Life's battles don't always go to the stronger woman or man. But sooner or later, those who win are those who think they can.
6 Speak in ways that empower your mind. The words we use have a tremendous impact on our quality of life. Some words diminish and destroy us while others expand and empower us. Choose to think and speak with words that move you from a victim to a victor. Here are some examples:
Rather than say I should, say I could.
Rather than say I hope, say I will.
Rather than say It's not my fault, say I am responsible for my life.

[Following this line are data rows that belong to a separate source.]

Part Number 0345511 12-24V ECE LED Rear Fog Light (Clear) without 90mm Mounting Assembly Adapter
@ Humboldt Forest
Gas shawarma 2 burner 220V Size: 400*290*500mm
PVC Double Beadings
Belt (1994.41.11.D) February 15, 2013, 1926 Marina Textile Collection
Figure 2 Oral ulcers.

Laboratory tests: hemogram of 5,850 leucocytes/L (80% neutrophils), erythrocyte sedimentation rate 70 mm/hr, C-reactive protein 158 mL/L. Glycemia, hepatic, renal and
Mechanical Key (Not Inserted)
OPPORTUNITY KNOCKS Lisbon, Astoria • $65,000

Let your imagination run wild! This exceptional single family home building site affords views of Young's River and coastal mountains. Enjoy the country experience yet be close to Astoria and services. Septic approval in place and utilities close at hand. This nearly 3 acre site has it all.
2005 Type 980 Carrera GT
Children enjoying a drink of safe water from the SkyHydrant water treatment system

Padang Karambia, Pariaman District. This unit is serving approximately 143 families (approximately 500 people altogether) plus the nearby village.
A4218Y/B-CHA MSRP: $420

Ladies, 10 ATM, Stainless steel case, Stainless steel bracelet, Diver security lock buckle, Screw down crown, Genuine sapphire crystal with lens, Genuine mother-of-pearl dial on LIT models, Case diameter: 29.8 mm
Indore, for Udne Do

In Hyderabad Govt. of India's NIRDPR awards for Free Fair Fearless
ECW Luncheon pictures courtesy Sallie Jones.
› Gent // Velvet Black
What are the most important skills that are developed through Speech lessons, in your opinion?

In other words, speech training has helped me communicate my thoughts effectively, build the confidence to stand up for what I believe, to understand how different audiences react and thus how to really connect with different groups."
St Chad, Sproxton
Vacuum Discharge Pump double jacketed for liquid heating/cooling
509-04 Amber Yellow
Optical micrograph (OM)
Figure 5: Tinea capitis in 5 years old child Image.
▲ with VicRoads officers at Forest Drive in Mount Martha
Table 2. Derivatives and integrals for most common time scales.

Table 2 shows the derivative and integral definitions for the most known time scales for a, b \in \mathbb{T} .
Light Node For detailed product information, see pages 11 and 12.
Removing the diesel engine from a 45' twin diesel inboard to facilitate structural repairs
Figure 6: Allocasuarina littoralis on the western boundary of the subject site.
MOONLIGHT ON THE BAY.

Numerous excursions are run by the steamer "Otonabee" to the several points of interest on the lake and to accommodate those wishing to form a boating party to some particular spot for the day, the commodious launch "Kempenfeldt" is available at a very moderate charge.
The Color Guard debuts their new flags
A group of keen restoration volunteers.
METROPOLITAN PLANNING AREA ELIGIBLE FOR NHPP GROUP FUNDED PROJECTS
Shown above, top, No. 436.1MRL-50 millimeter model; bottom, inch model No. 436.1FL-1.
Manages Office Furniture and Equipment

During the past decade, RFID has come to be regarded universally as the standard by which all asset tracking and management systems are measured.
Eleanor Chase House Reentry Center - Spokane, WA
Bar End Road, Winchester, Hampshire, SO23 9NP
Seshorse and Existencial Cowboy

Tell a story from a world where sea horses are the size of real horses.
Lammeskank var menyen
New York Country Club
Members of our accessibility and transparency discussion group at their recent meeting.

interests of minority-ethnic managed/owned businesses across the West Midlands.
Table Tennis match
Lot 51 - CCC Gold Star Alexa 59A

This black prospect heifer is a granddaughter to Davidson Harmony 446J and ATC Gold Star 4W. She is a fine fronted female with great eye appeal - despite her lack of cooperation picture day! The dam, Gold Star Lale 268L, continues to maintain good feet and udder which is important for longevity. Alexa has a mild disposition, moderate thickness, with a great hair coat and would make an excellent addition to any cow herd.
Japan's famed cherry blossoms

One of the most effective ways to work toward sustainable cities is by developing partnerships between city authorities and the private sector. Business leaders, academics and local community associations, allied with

Rather than say It's a big problem, say It's a big opportunity.
Rather than say Life is a struggle, say Life is an adventure.
Rather than say This is terrible, say This is a learning experience.
Rather than say If only, say Next time.
Rather than say It's hopeless, say I will find ways to open a new door.
Rather than say, This is a bitter experience, say I want to learn and grow from the experience.
7. Recommit to your goals. Failure is not falling down. True failure is remaining where you have fallen. Do not allow yourself to be frozen in place because you have experienced a failure. Rise up, recommit to your goals and go at it. Again.
"A failure is not someone who has tried and failed; it is someone who has given up trying and resigned himself to failure; it is not a condition, but an attitude," observes journalist Sydney J. Harris.
When Dr. Laurence J. Peter first submitted his manuscript, The Peter Principle: Why Things Always Go Wrong, to McGraw-Hill Publishers in 1964, an editor wrote back: "I can foresee no commercial possibilities for such a book and consequently can offer no encouragement." In spite of that negative response to his work, Dr. Peter continued to query publishing houses. Thirty publishers and 30 rejections later, William Morrow & Company paid a mere $2,500 for the manuscript and ordered a printing of 10,000 copies. It sold more than 200,000 copies in its first year, was on the New York Times best-seller list through 1970 and was translated into 38 languages. The lesson is clear: Those who see their dreams come true are those who renew their dedication to their goals.
Finally, it is important to remind yourself that failure is not the finish line. It ought to be viewed for what it really is: a setback, a temporary event and ultimately, a situation that can be regulated, rectified, remedied, repaired and risen above.